Book Title:Islam at the Crossroads:Life and thought of Bediuzzaman Said Nursi
Author:Ibrahim M. Ebu Rabi
Publisher: Nesil Yayinlari(Nesil publishing center)
BEDIUZZAMAN SAID NURSI
Bediuzzaman Said Nursi was born in 1877 in eastern Turkiye and died in 1960 in Urfa in Turkiye. The book “Islam at the Crossroads" can be referred to have more details of his long and examplary life, which spanned the last decades of the Ottoman Empire, its collapse after the First World War and the setting up of the Republic, then the twenty-five years of Republican Peoples' Party rule, well-known for the measures taken against Islam, followed by the ten years of Democrat rule, when conditions eased a little for Bediuzzaman.
Bediuzzaman displayed an extraordinary intelligence and ability to learn from an early age, completing the normal course of madrasah (religious school) education at the early age of fourteen, when he obtained his diploma. He became famous for both his prodigious memory and his unbeaten record in debating with other religious scholars. Another characteristic Bediuzzaman displayed from an early age was an instinctive dissatisfaction with the existing education system, which when older he formulated into comprehensive proposals for its reform. The heart of these proposals was the bringing together and joint teaching of the traditional religious sciences and the modern sciences, together with the founding of a university in the Eastern Provinces of the Empire, the Medresetü'z-Zehra, where this and his other proposals would be put into practice. In 1907 his endeavors in this field took him to Istanbul and an audience with Sultan Abdulhamid. Although subsequently he twice received funds for the construction of his university, and its foundations were laid in 1913, it was never completed due to war and the difficulties of the times.

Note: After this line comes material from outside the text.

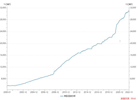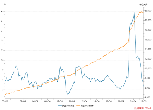 2020年新冠疫情爆发后,美国开启了无限量的量化宽松政策(QE)。截至目前,美国的M2存量较2020年初上升了6.22万亿美元(约44万亿人民币)。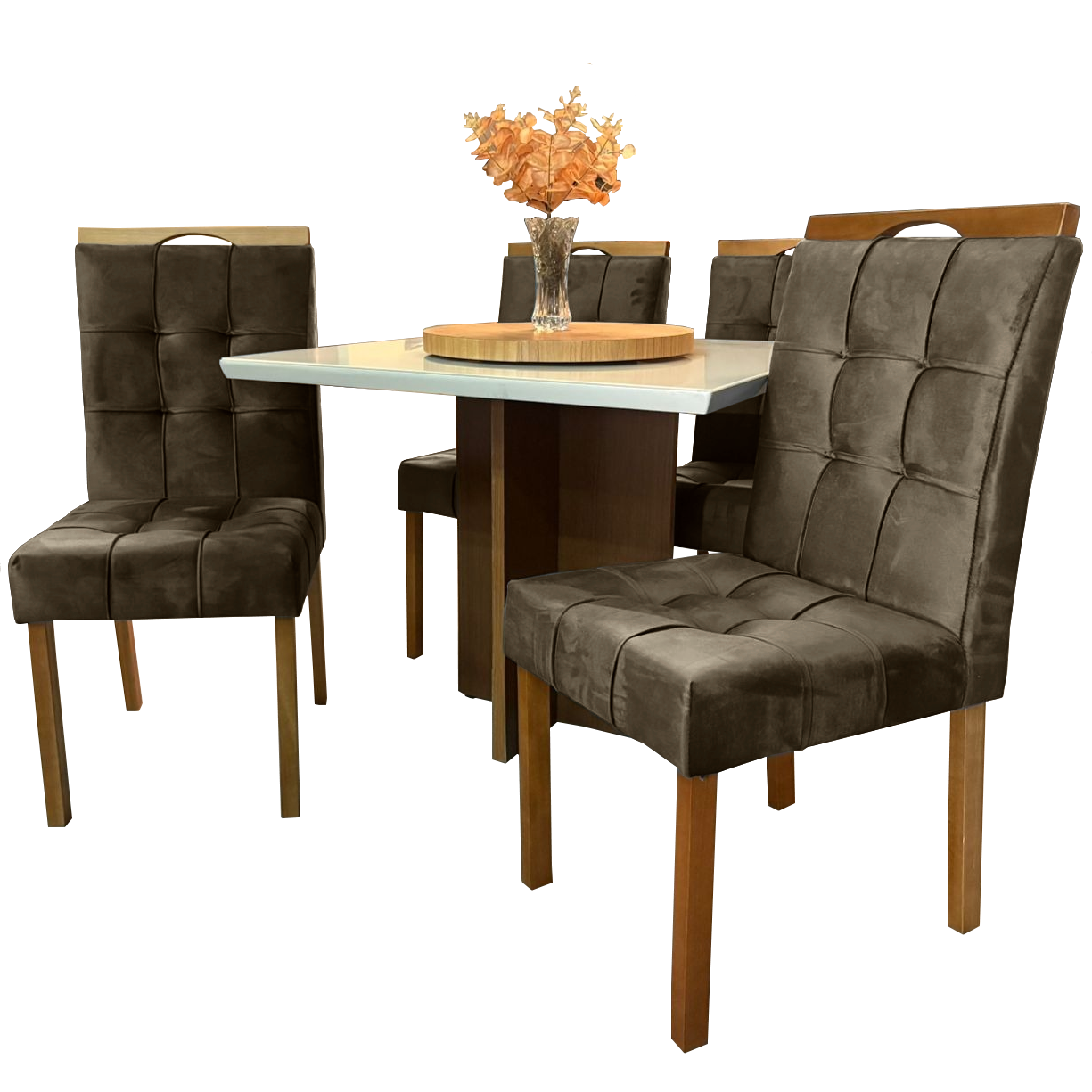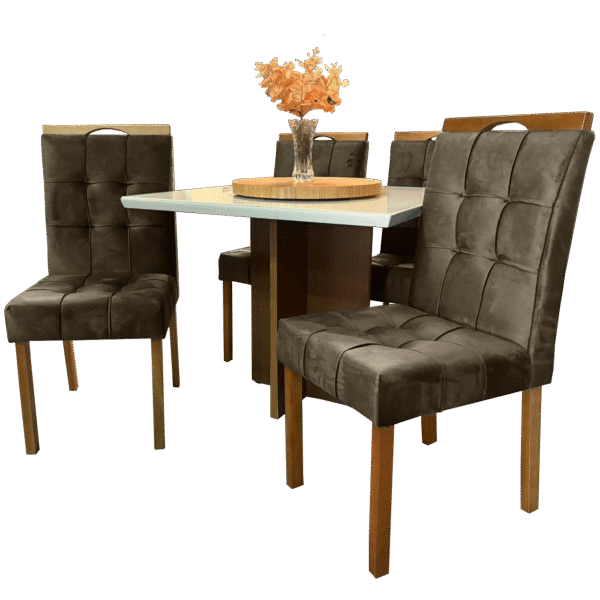 Mesa Salinas 120 Cinamomo/Off White com 4 Cadeiras Sophia Veludo Marrom – AVALON DECOR + WM DECOR

Contrary to the practice of religious scholars at that time, Bediuzzaman himself studied and mastered almost all the physical and mathematical sciences, and later studied philosophy, for he believed that it was only in this way that Islamic theology (kalâm) could be renewed and successfully answer the attacks to which the Qur'an and Islam were then subject.
In the course of time, the physical sciences had been dropped from madrasah education, which had contributed directly to the Ottoman decline relative to the advance of the West. Now, in the 19th and early 20th centuries, Europe had gained dominance over the Islamic world, and in efforts to extend its dominance, was attacking the Qur'an and Islam in the name of science and progress in particular, falsely claiming them to be incompatible.
Within the Empire too was a small minority which favored adopting Western philosophy and civilization. Thus, all Bediuzzaman's endeavor was to prove and demonstrate the falseness of these accusations, and that far from being incompatible with science and progress, the Qur'an was the source of true progress and civilization, and in addition, since this was the case, Islam would dominate the future, despite its relative decline and regression at that time.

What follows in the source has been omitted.